Personal information
- Full name: Edward James Dawkins
- Born: 11 July 1988 (age 37) Invercargill, New Zealand
- Height: 1.85 m (6 ft 1 in)
- Weight: 93 kg (205 lb)

Team information
- Discipline: Track

Medal record
Olympic Games
| Silver medal – second place | 2016 Rio de Janeiro | Team sprint |
World Championships
| Gold medal – first place | 2014 Cali | Team sprint |
| Gold medal – first place | 2016 London | Team sprint |
| Gold medal – first place | 2017 Hong Kong | Team sprint |
| Silver medal – second place | 2013 Minsk | Team sprint |
| Silver medal – second place | 2015 Yvelines | Team sprint |
| Silver medal – second place | 2015 Yvelines | Keirin |
| Silver medal – second place | 2016 London | Keirin |
Commonwealth Games
| Gold medal – first place | 2014 Glasgow | Team sprint |
| Gold medal – first place | 2018 Gold Coast | Team sprint |
| Silver medal – second place | 2010 Delhi | Team sprint |
| Silver medal – second place | 2018 Gold Coast | 1 km time trial |
| Bronze medal – third place | 2010 Delhi | 1 km time trial |
| Bronze medal – third place | 2014 Glasgow | Sprint |
| Bronze medal – third place | 2018 Gold Coast | Keirin |

= Eddie Dawkins =

New Zealand cyclist (born 1989)

Edward James Dawkins (born 11 July 1989) is a New Zealand track cyclist.

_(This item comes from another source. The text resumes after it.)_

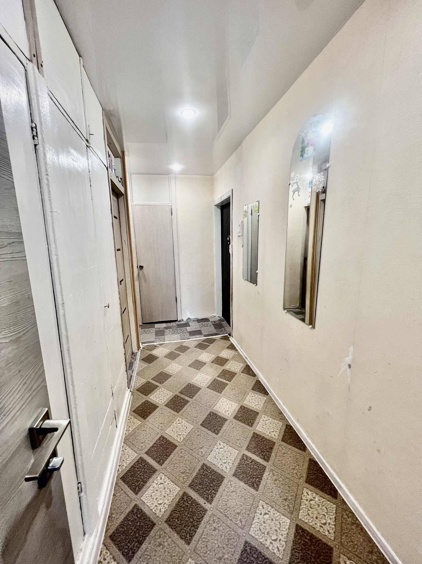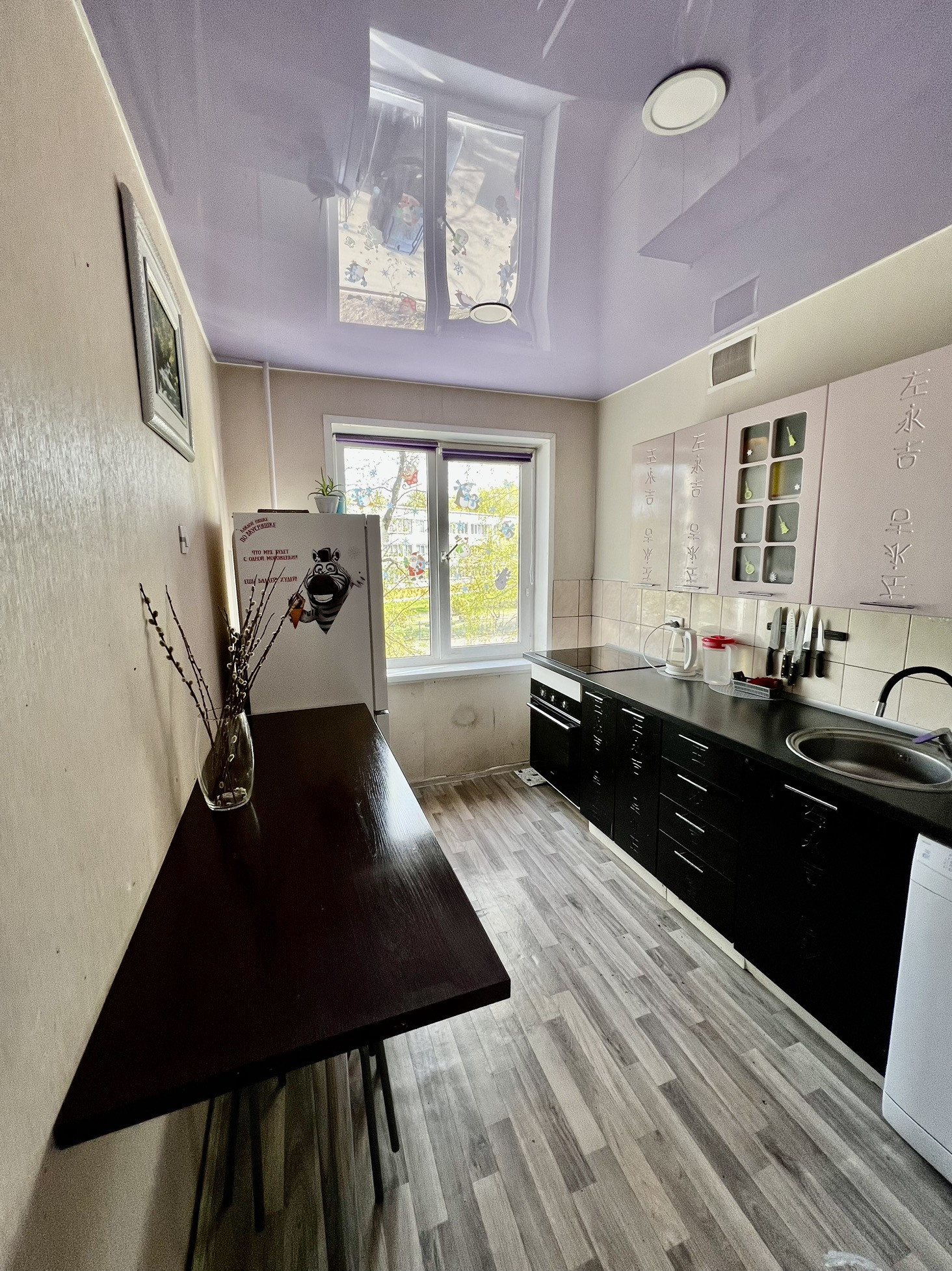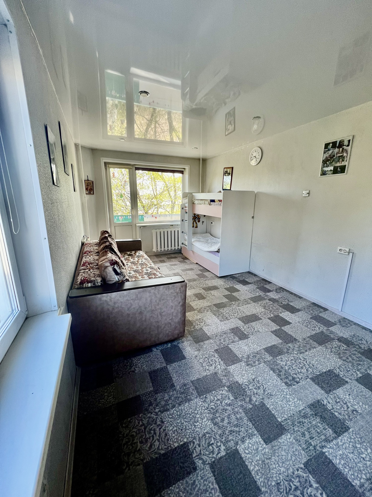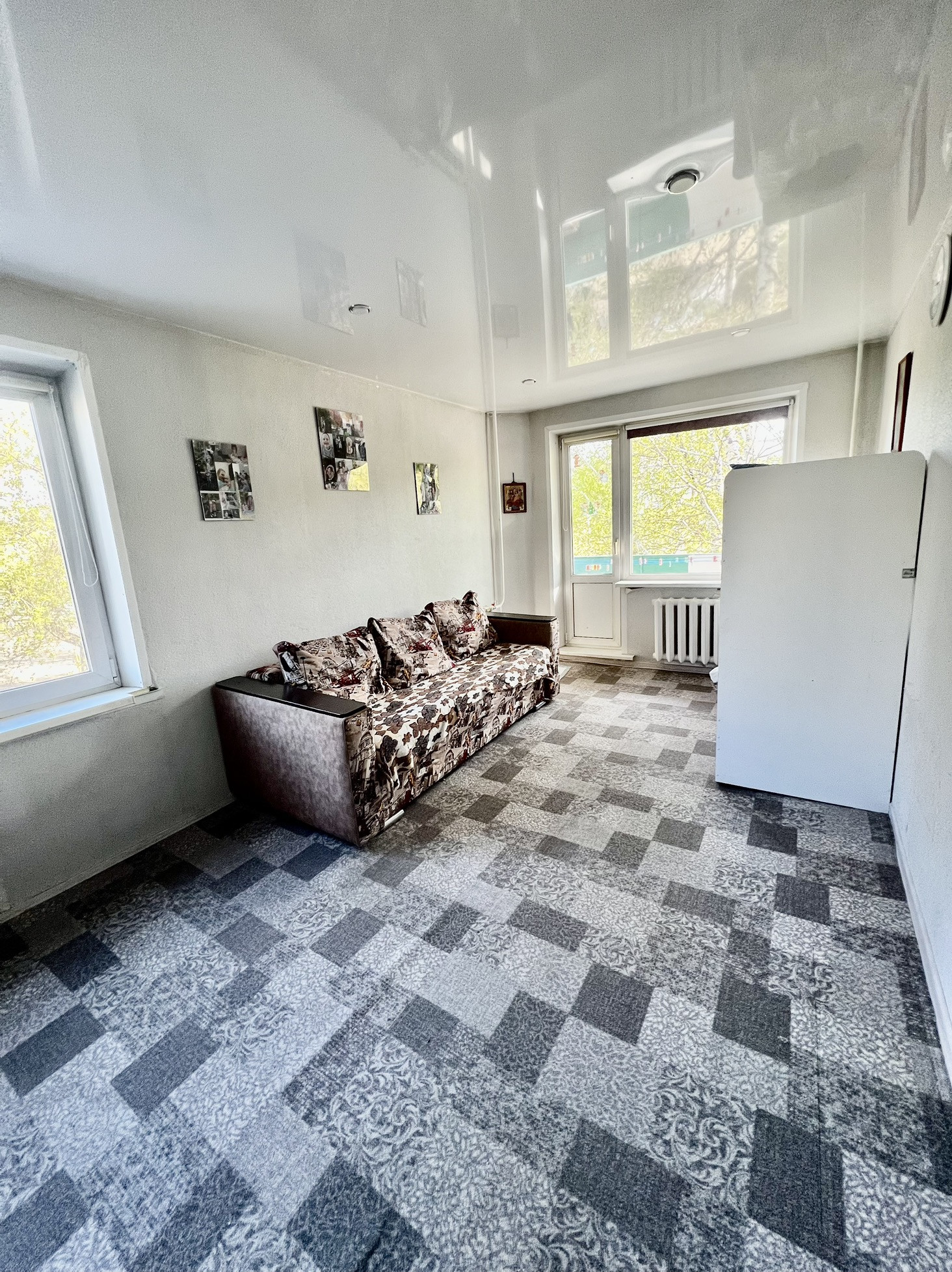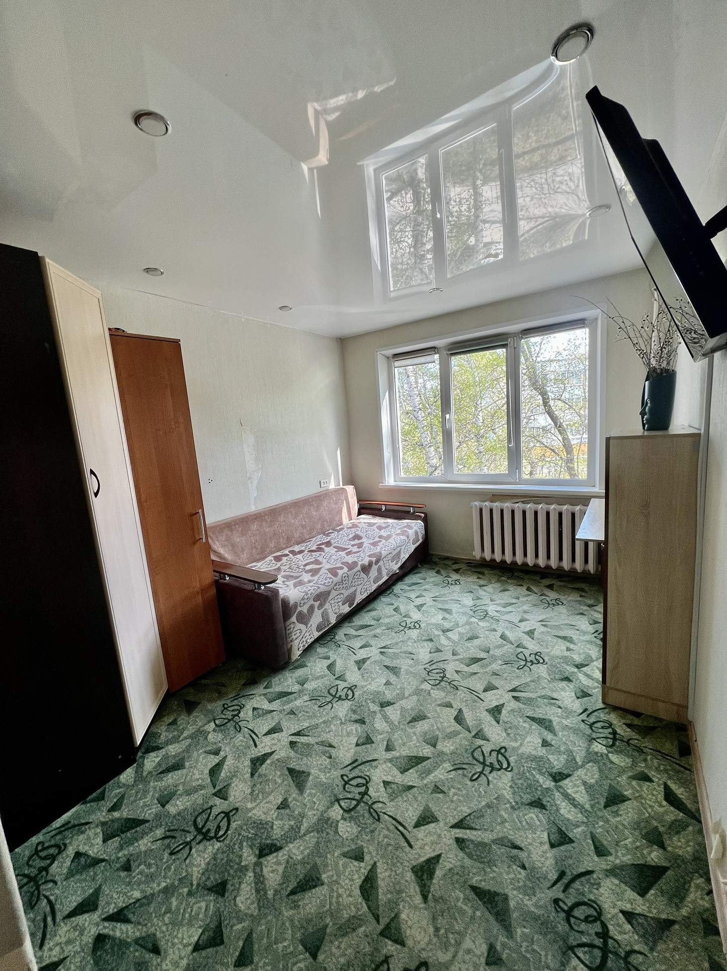В квартире везде натяжные потолки. В одной из комнат два окна, что делают комнату еще светлей.

At the 2010 Commonwealth Games he won the silver medal in the men's sprint and the bronze medal in the men's 1 kilometre time trial. At the 2014 Commonwealth Games, he won the bronze medal in the men's sprint, and was part of the New Zealand team that won the gold medal in the team sprint, with Ethan Mitchell and Sam Webster. The team sprint team set two Commonwealth Games records along the way. At the 2016 Rio Olympics, he won alongside Sam Webster and Ethan Mitchell a silver medal in the team sprint, but did not go beyond the round 1 repechage in the individual sprint.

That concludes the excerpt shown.